Task item: Leave the images aside and output every entry exactly.

Record excerpts:
* * * * *

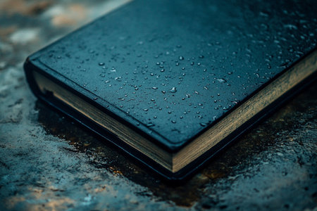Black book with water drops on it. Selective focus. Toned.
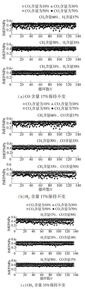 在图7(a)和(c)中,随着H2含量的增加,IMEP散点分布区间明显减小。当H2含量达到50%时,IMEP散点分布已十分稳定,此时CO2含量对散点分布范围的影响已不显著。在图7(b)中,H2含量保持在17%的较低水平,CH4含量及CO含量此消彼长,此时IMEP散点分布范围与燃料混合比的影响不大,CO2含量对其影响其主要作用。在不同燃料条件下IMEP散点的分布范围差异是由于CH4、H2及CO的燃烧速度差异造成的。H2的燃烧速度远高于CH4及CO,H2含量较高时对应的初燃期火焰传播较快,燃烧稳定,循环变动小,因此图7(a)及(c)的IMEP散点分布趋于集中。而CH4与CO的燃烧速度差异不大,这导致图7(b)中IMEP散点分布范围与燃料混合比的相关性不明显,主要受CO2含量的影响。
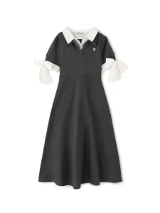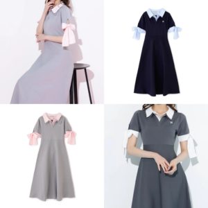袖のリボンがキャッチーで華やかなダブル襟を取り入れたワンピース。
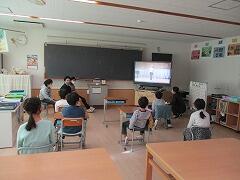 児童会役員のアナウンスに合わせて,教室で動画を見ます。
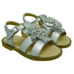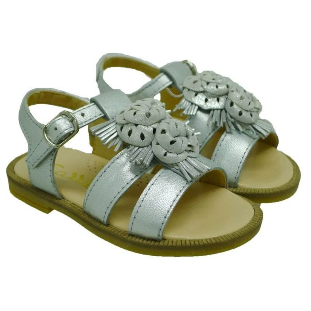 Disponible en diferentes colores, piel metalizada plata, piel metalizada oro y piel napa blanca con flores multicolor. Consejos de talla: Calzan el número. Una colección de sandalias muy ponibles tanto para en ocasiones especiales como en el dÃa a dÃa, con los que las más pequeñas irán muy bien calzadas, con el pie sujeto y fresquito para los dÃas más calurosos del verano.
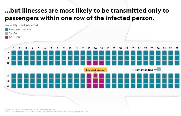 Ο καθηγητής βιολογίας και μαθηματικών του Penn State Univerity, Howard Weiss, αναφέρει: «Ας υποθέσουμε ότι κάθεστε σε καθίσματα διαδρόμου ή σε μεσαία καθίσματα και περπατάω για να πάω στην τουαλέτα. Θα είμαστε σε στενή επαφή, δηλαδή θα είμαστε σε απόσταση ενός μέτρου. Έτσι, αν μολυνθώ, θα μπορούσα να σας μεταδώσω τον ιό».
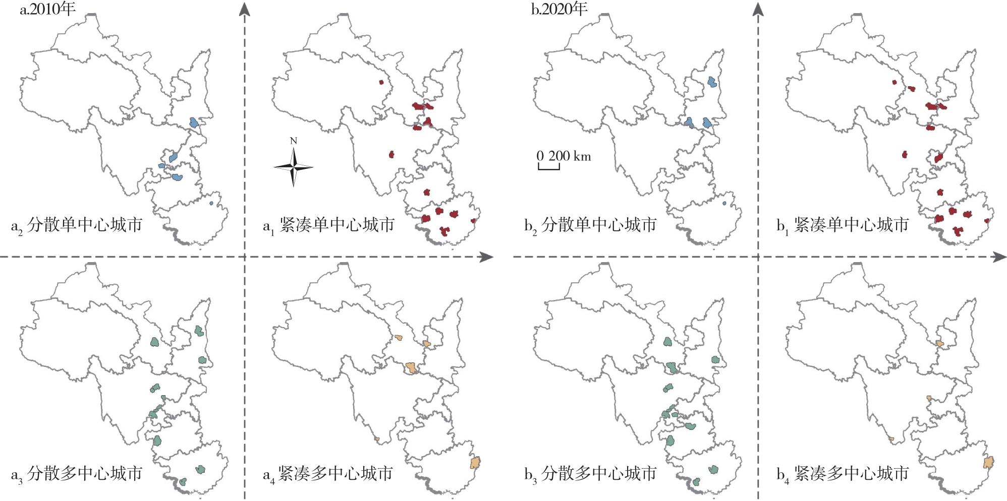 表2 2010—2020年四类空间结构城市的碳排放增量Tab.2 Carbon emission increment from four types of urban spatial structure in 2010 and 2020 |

* * * * *

Expected answer:
Black book with water drops on it. Selective focus. Toned.
 在图7(a)和(c)中,随着H2含量的增加,IMEP散点分布区间明显减小。当H2含量达到50%时,IMEP散点分布已十分稳定,此时CO2含量对散点分布范围的影响已不显著。在图7(b)中,H2含量保持在17%的较低水平,CH4含量及CO含量此消彼长,此时IMEP散点分布范围与燃料混合比的影响不大,CO2含量对其影响其主要作用。在不同燃料条件下IMEP散点的分布范围差异是由于CH4、H2及CO的燃烧速度差异造成的。H2的燃烧速度远高于CH4及CO,H2含量较高时对应的初燃期火焰传播较快,燃烧稳定,循环变动小,因此图7(a)及(c)的IMEP散点分布趋于集中。而CH4与CO的燃烧速度差异不大,这导致图7(b)中IMEP散点分布范围与燃料混合比的相关性不明显,主要受CO2含量的影响。
袖のリボンがキャッチーで華やかなダブル襟を取り入れたワンピース。
 児童会役員のアナウンスに合わせて,教室で動画を見ます。
 Disponible en diferentes colores, piel metalizada plata, piel metalizada oro y piel napa blanca con flores multicolor. Consejos de talla: Calzan el número. Una colección de sandalias muy ponibles tanto para en ocasiones especiales como en el dÃa a dÃa, con los que las más pequeñas irán muy bien calzadas, con el pie sujeto y fresquito para los dÃas más calurosos del verano.
 Ο καθηγητής βιολογίας και μαθηματικών του Penn State Univerity, Howard Weiss, αναφέρει: «Ας υποθέσουμε ότι κάθεστε σε καθίσματα διαδρόμου ή σε μεσαία καθίσματα και περπατάω για να πάω στην τουαλέτα. Θα είμαστε σε στενή επαφή, δηλαδή θα είμαστε σε απόσταση ενός μέτρου. Έτσι, αν μολυνθώ, θα μπορούσα να σας μεταδώσω τον ιό».
 表2 2010—2020年四类空间结构城市的碳排放增量Tab.2 Carbon emission increment from four types of urban spatial structure in 2010 and 2020 |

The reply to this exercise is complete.